Московские мистики живописи, в другом лагере, провозгласили иную формулу эстетизма. По внешности она была противоположна той, петербургской, по существу же она также обходила жизнь, но только с другого фланга. Москвичи утверждали, что живая современность, конечно, прекрасна, однако ее надо брать символически; они утверждали, что за оболочкой быта есть более важный «внутренний быт» и за оболочкой действительности более значительная «глубинная» действительность; можно сказать, тут действовал догмат, провозглашенный Вячеславом Ивановым: ab realia ad realiora, «от реального к реальнейшему». Московские символисты создали ту своеобразную, зыбкую, бесплотную, фантастическую живопись, которая должна была являть собою «живопись души» и сохранила в анналах нашей художественной летописи нежное наименование искусства «Голубой розы».
Сапунов от ретроспективизма взял немного. Для него, как для всех нас, испытавших очарование увлекательной пропаганды дягилевского «Мира искусства», культ старины был главным образом высокой школой, сообщавшей преемственную культуру художественной красоты. Может быть, только в том, что в картинах Сапунова есть любование старинными вещами, фарфором, тканями и драгоценностями, следует видеть непосредственное влияние «Мира искусства», да разве еще в том, что у Сапунова все предметы точно покрыты какой-то пылью времени, патиной тления; не от этого ли даже купы живых цветов у нашего мастера дают впечатление натюрморта, «мертвой природы» в тесном значении слова – связки цветов, сделанных из бумаги, уже слегка выцветших и разрушающихся?

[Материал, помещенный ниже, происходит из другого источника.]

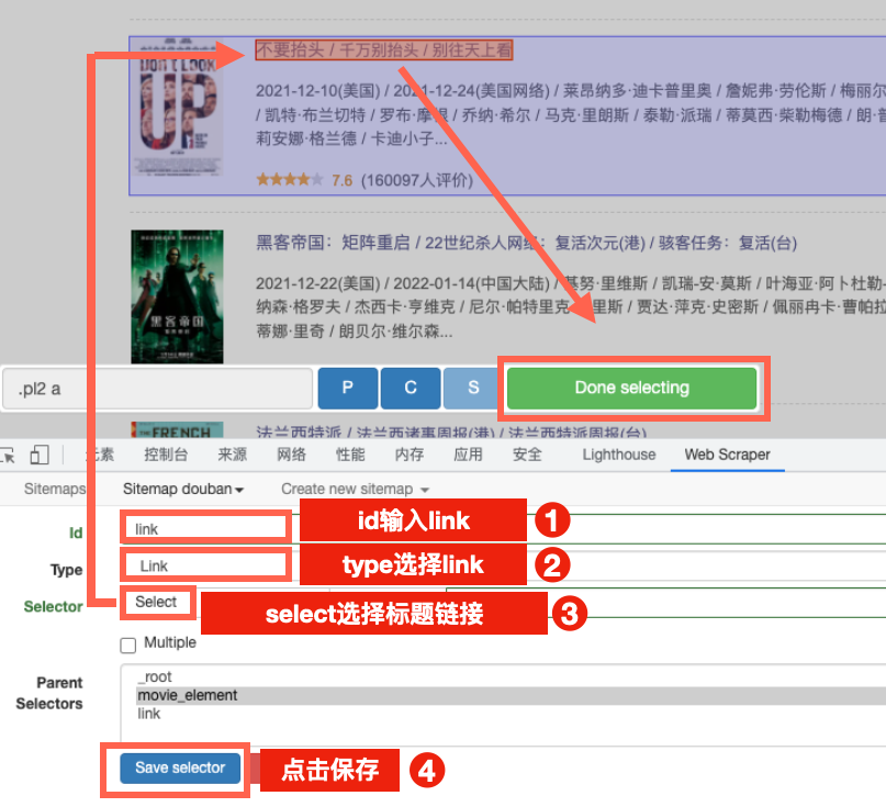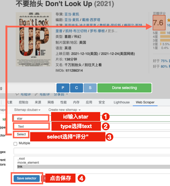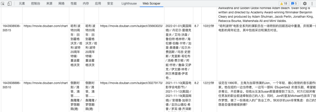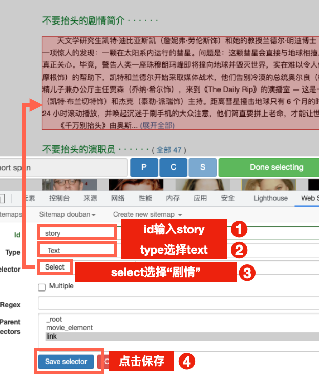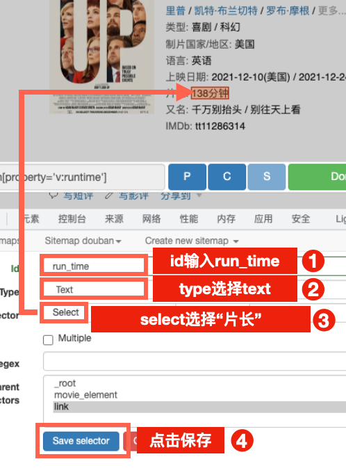 添加三个新的selector,分别爬取一下豆瓣评分,电影时长,剧情梗概。
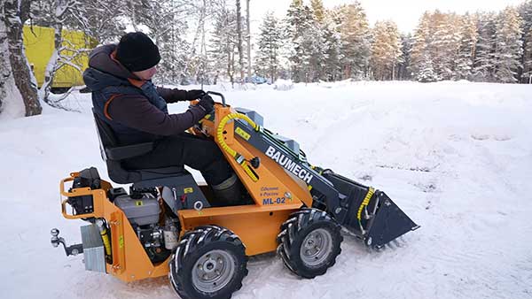ML-02 мы испытывали с ковшом. Машина свою работу выполняет, хотя чувствуется, что нагрузка была тоже очень серьёзной. Логично предположить, что гусеничная ML-03 вгрызалась бы в сугроб чуть лучше благодаря большей тяге и чуть большему весу. Но и ML-02 оказалась достаточно эффективной.
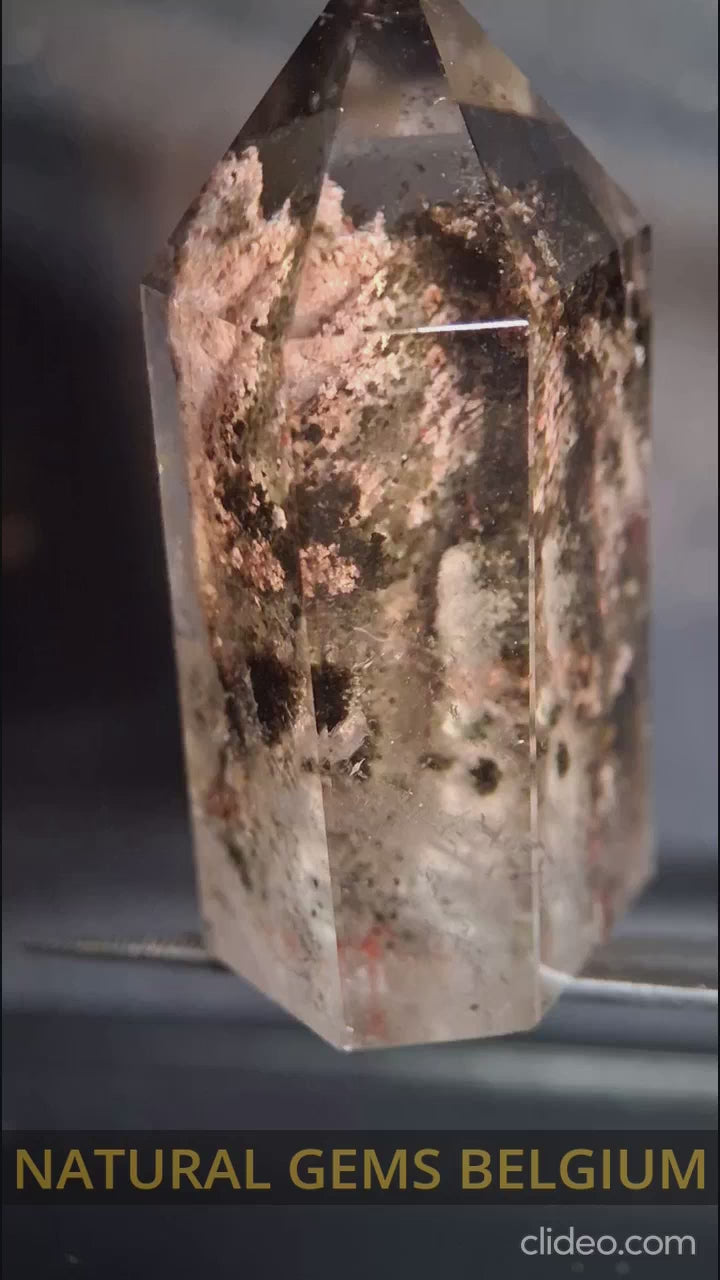 Crystal point of Phantom Quartz - multicolored scenic - hexagon - 3.8 cm
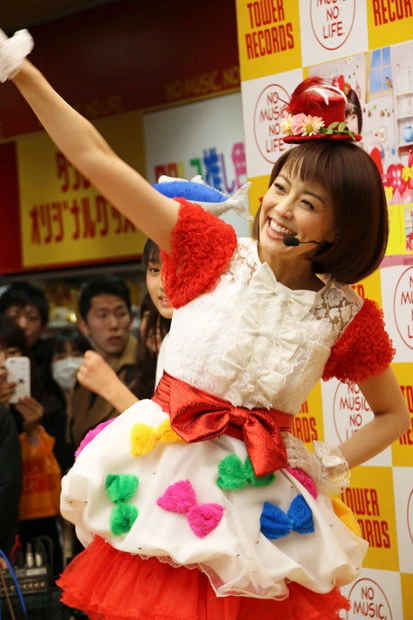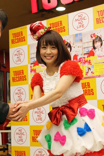 アイドルさながらのかわいらしい衣装で登場した小林麻耶アナフリーアナウンサーでありながらバラエティー番組でも活躍する小林麻耶が27日、「ブリカマぶるーす」で歌手デビューを果たし、CD発売記念イベントを行なった。

От мистицизма московских друзей Сапунов взял не больше. Лишь общность школы, дружеское единение и хрупкость первых самостоятельных шагов сообщили сапуновской живописи на недолгую пору какую-то туманность и неосязаемость форм. Этого было достаточно, чтобы Сапунов не разрушил нежного единства «Голубой розы». Однако на самом деле в этой живописи раннего Сапунова текла другая кровь. Мистика Метерлинка и психологизм Ибсена были ей равно чужды, и декорациями к «Смерти Тентажиля» или «Гедде Габлер» Сапунов только платил насильственную, вынужденную дань восторгам друзей и духу времени. Когда в следующем же после «Голубой розы», 1908 году грянули веселые, буйные фанфары сапуновской «Карусели», было очевидно, что живопись Сапунова лишь совершила дальнейший логический шаг, а вовсе не перебросилась на новый путь.

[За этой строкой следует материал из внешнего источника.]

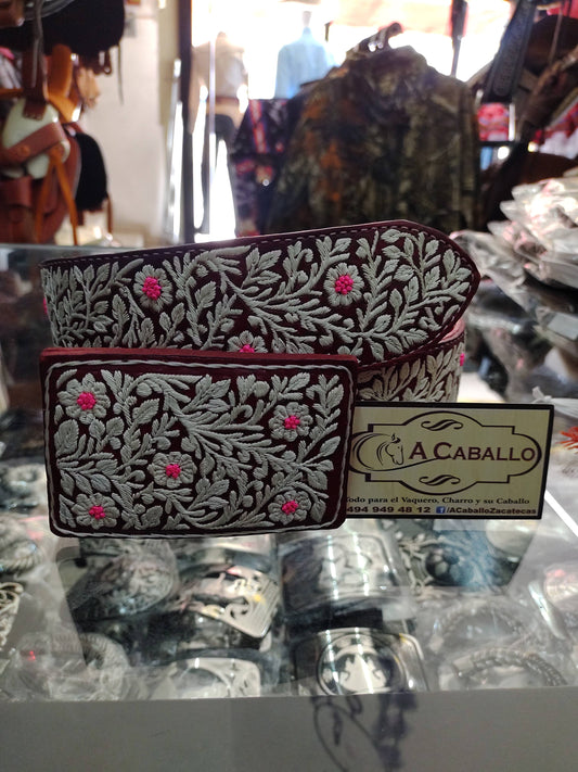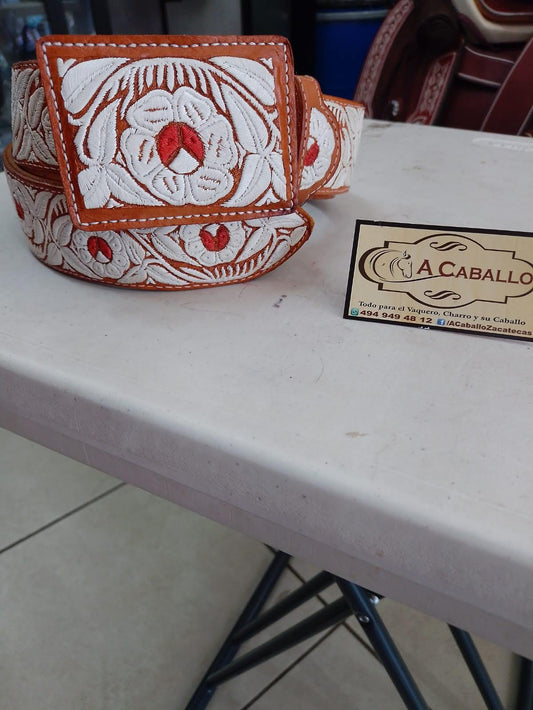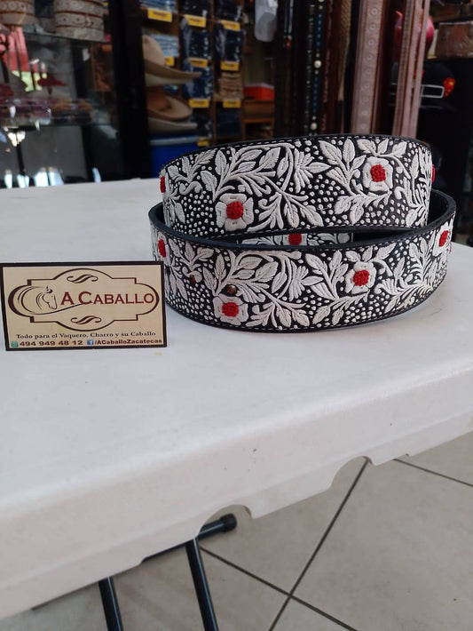Cinto Piteado Rosas Churros Rojos y Puntitos, Vaqueta color Negro

Да и действительно у Сапунова была своя цель, и он шел к ней прямо и легко. Его художественная впечатлительность была очень своеобычна. Для него мир в своих художественных ценностях перестраивался так отчетливо, что можно было бы назвать Сапунова однодумом, однолюбом, если бы в самой его любви было больше монашественности, замкнутости, келейного запаха, который есть у этих слов. Но сапуновская любовь была от толпы, от широчайшей, я готов сказать – «базарной» вседоступности.
Сапунов считал, что на свете существуют «красивые вещи» и что задача художника состоит в том, чтобы их изображать. Его не смущало то, что искусство здесь отказывается от важной и ведущей роли в жизни, что оно становится игрой в цвета и формы, делается только декорацией. Иного выхода он не искал. От культа мертвых «Мира искусства» шел такой же тяжелый дух, как от культа ирреальности «Голубой розы». Он предпочел свою узенькую тропинку, ибо на ней он мог оставаться в какой-то живой действительности, хотя и огороженной со всех сторон его «красивыми вещами». Ими он занялся, и большего он не требовал.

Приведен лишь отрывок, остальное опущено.